Delivery of enzyme replacement therapies across the blood brain barrier to treat lysosomal storage diseases. Derek Kelaita, VP, Business Development, ArmaGen
ArmaGenHas a proprietary platform and a robust pipeline of therapies for devastating, previously unaddressed neurological symptom.
There is a Blood-Brain Barrier dilemma. BBB protects brain from bacteria and foreign substances.
- The ArmaGen Solution- ArmaGen leverages body’s natural active transport systems present on BBB –it utilizes antibody and therapeutic fusion protein. ArmaGen transports a wide range of therapies to the human brain by targeting insulin receptors.
- AGT-182 can be distributed extensively to all regions of the brain within 2 hours of IV injection in Rhesus monkey
AeroVanc’s successful Phase II clinical trial for Cystic Fibrosis. Taneli Jouhikainen, Chief Operating Officer, Savara Pharma
Savar Pharmaceuticals is an emergimg specialty pharmaceutical company focused on rare respiratory diseases.
There are limited treatment options for MRSA.
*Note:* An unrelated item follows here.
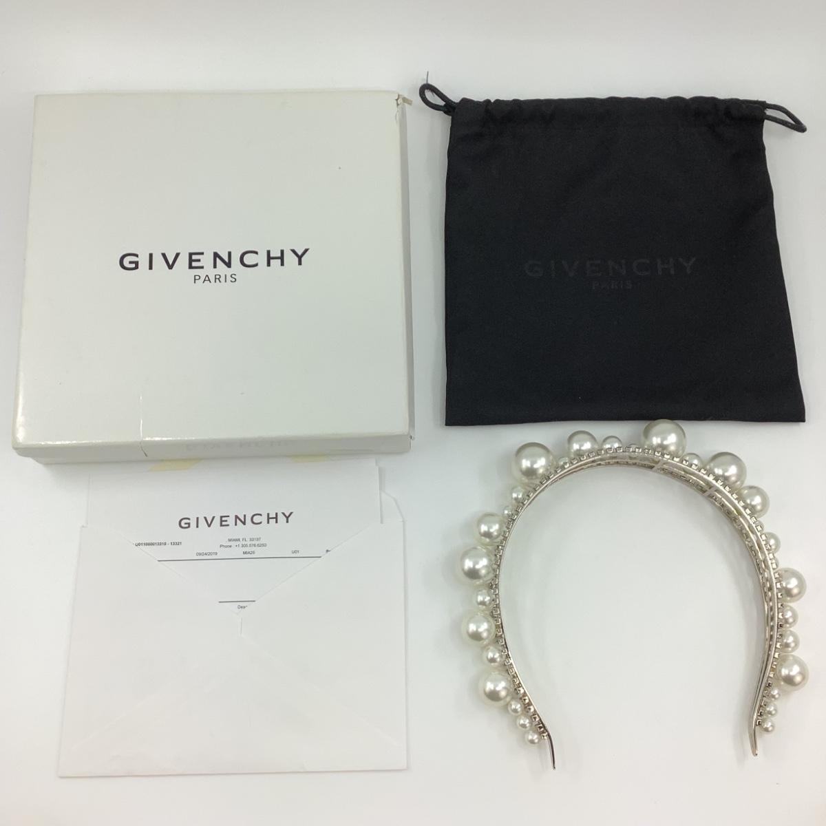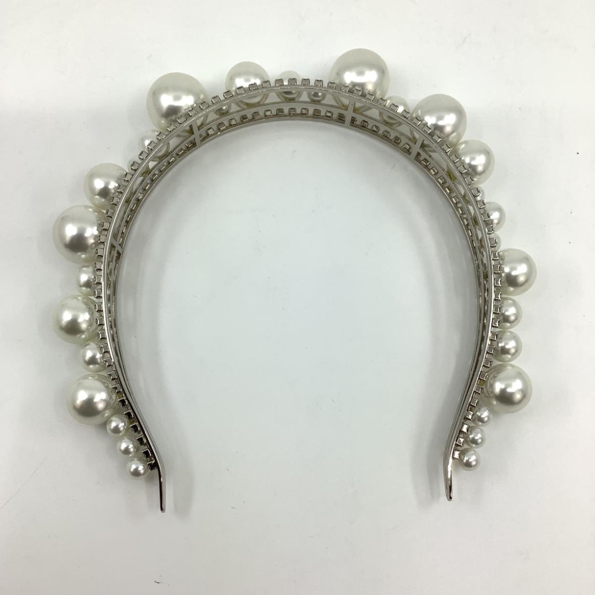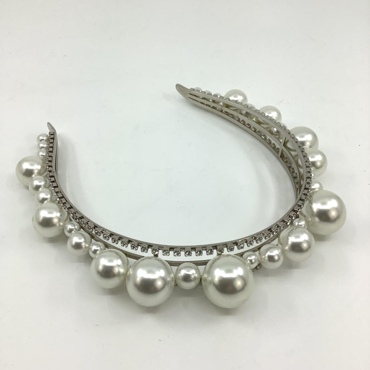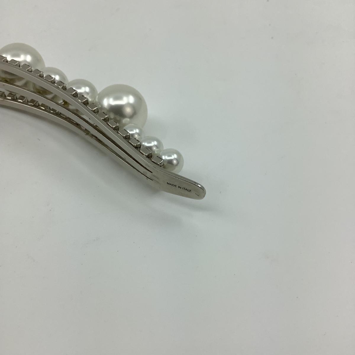 Silvertone plated brass, acrylic pearls and crystal accents. Includes gift box and dustbag.

AeroVanc is the first inhaled MRSA antibiotic and has completed phase II –proof of concept study. The primary endpoint of the study is to reduce MRSA.
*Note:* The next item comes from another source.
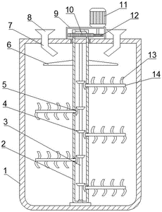 本实用新型涉及助剂混合技术领域,特别是一种尼龙生产用助剂混合装置,包括混料罐,在混料罐内设有搅拌机构,搅拌机构包括转动设在混料罐内的搅拌轴,在搅拌轴两侧壁上分别设有多个搅拌杆,在混料罐的顶部设有驱动搅拌轴转动的驱动机构,在驱动机构的两侧分别设有进料斗,在进料斗的底部连接有进料管,在搅拌轴的上端设有匀料机构,进料管的底部延伸至混料罐内,且进料管的出口朝向匀料机构。

Selectively target signaling pathways that lead to tumor-promoting inflammation. John Maki, President and CEO, Vicus Therapeutics
A couple of key points to take away:
- Vicus is the next generation immuno-oncology company
- VT-122 is the first multi-pathway neuro-immune modulator for cancer
- Vicus Therapeutics is focused on advanced liver cancer, non-resectable liver cancer and more.
- Top KOLS will lead two approval directed studies in 2016
- NDAs are expected in 2018(pancreatic) and 2019 (liver)
A Phase 3 study of L-glutamine therapy for sickle cell anemia and sickle β◦-Thalassemia. Charles Stark, SVP, R&D, Emmaus Life Science
Phase 3 study included a 48-week trial. They found that safety data similar between L-glutamine and placebo arms of the trial.
Living Rare: Families finding help and hope for Menkes Disease. Jamie Eckman, President, The Menkes Foundation
Menkes is a rare fatal genetic disorder. If not treated a patient could pass away within the first 3 years of their life. It’s important to diagnose the disease as soon as possible to ensure the treatments can work effectively. It’s the only hope out there.
SCENESSE as an innovative therapy for EPP. Nicoletta Muner, Director, Global Regulatory Affairs, Clinuvel
- Scenesse is a first-in-class melanocortin-1 receptor (MC1R) agonist
SCENESSE’s clinical program focuses on:
- Erythopoietic protoporphyria (EPP) – an orphan metabolic disease (heme biosynthesis)
- Vitiligo- depigmentation disorder of unknown etiology
All the presenters of the Pitch & Partner conference did a spectacular job and took full advantage of this networking opportunity.